**Records excerpted from a collection:**
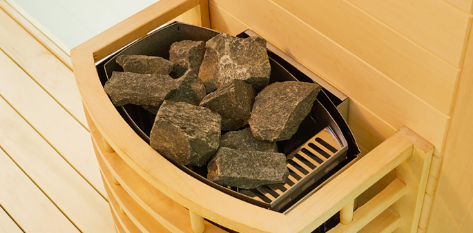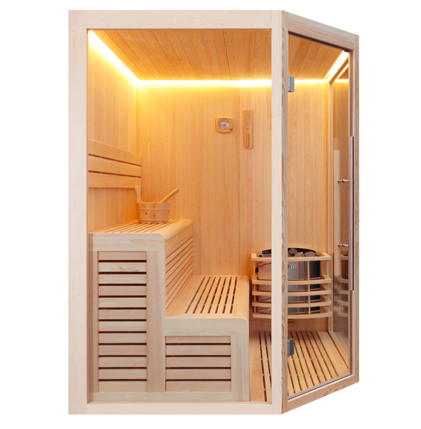 Финская сауна Frank F825 (печь СФЕРА с ПУ 7 кВт+80 кг камней КВАРЦ белые) 2 полки угловая Кедр
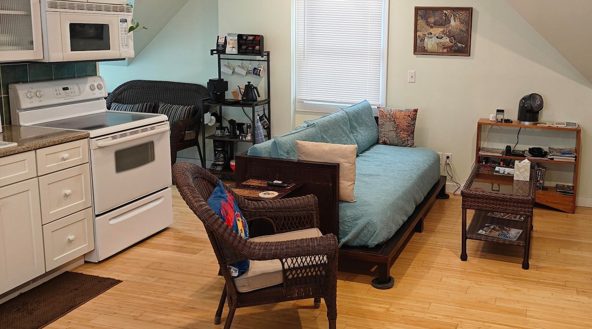 Übernachte in einer gemütlichen privaten Suite; nur wenige Gehminuten von den Einkaufsmöglichkeiten der Hauptstraße, dem Restaurant/Café, der Carnegie-Bibliothek und mehr entfernt! Die Suite bietet ein verstellbares Queensize-Bett, einen Flachbildfernseher, eine Mikrowelle, Geschirr und einen Kühlschrank mit Gefrierfach in Apartmentgröße für all deine Snacks, Leckereien und Getränke. Die Unterkunft bietet einen gemeinsamen Waschtrockner, der zur Verfügung steht. (NICHTRAUCHER-EINHEIT; NACHWEISE von RAUCH oder VAPE FÜHREN ZU EINER GEBÜHR von 150 $. Wenn Sie rauchen, tun Sie dies bitte außerhalb der Tür auf Rasenflächen)
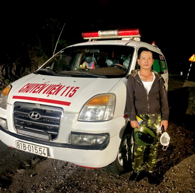 Tài xế Cường cùng xe cứu thương (Ảnh: Công an tỉnh Gia Lai).
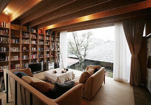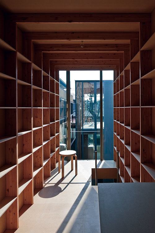 柱-梁架構を@450mmという細やかなピッチで反復しているため、主要構造材である唐松の集成材は厚さ30mmと、木製家具程度のスケールにおさまって いる。よって各部材は非常に軽く、ハンドリングにクレーン等の重機を必要としないため、主要構造体でありながらもそれらは「手の精度」によって扱われる事 が可能になる。<それより軽い他の部位は、当然手作業で製作されるので、建築全体がプロダクトの精度で実現され得ることになる。 唐松集成材は全数検査を行いその強度を確認しているが、これは木造建築でありながらもすべての部位を計算によって把握し、ムダや不合理がない状態として適 切に設定するためである。ジョイント部も、同じ目的から、発現強度の保証された金属ダボと樹脂の組み合わせによる接合金物(ホームコネクタ)を用い、建築 全体を明瞭な理解の元に置くことを意図している。各部は建築の慣習的なボキャブラリーに依らず、単純に機能的・合理的な美学に沿って決定されたのである が、その結果、その小さなスケールと併せて、建築はよりプロダクトに近づくことになった。 「小さな建築」と「大きなプロダクト」の中間に位置する住宅である。
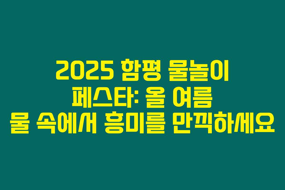2025 함평 물놀이 페스타에서 즐거운 여름 기억을 만들어 보세요. 물속에서 신나는 시간과 함께 소중한 추억을 쌓을 수 있을 것입니다. 여러분의 활기찬 여름을 지원하는 멋진 행사가 될 것이라 믿어 의심치 않아요.
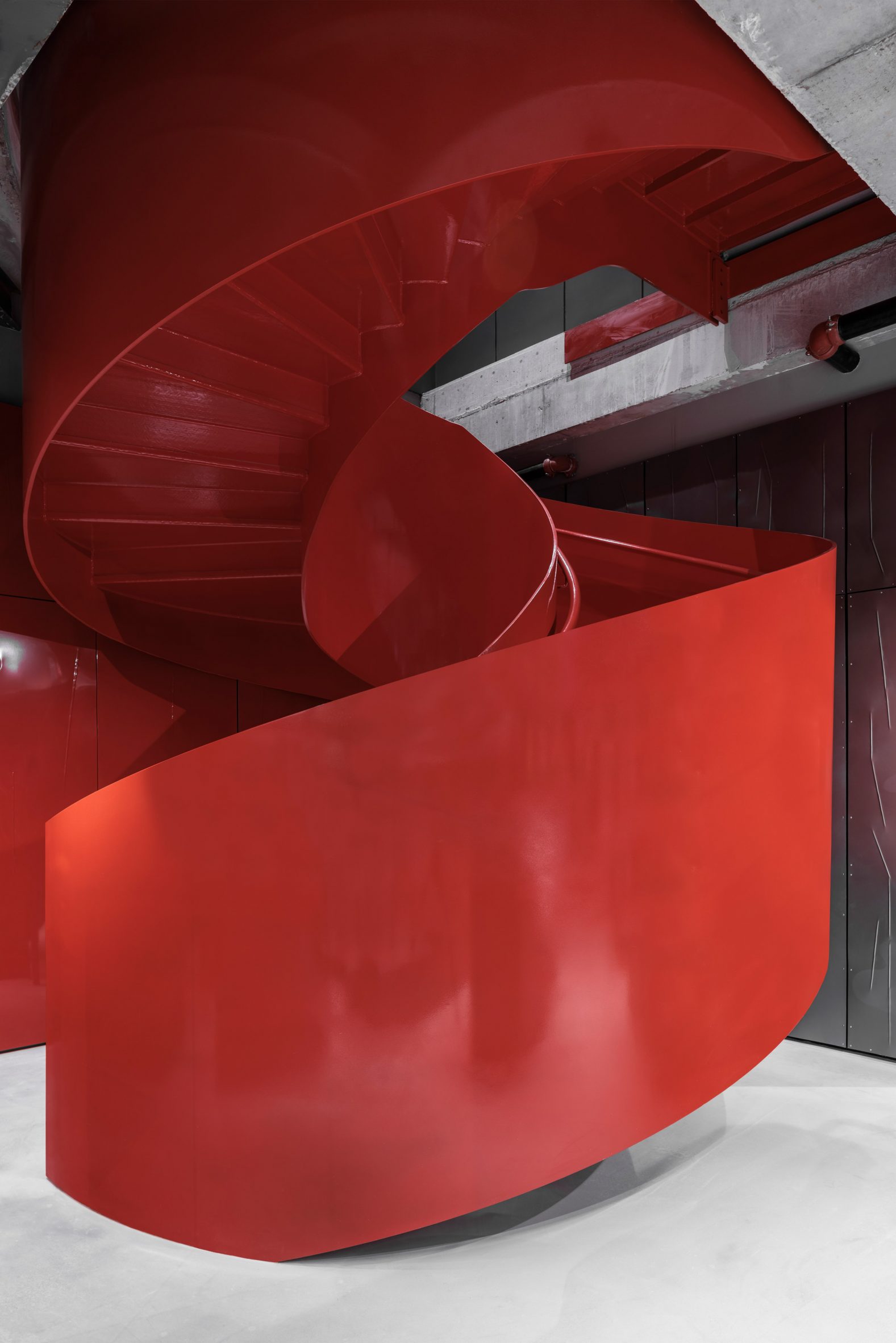 1 张 红色螺旋楼梯建筑独特景观

**Exercise aim:** Every line from the one containing "2025 함평 물놀이" through the last line of the records is to be reproduced exactly, with pictures left out and nothing else given.

**Solved problem:**
2025 함평 물놀이 페스타에서 즐거운 여름 기억을 만들어 보세요. 물속에서 신나는 시간과 함께 소중한 추억을 쌓을 수 있을 것입니다. 여러분의 활기찬 여름을 지원하는 멋진 행사가 될 것이라 믿어 의심치 않아요.
 1 张 红色螺旋楼梯建筑独特景观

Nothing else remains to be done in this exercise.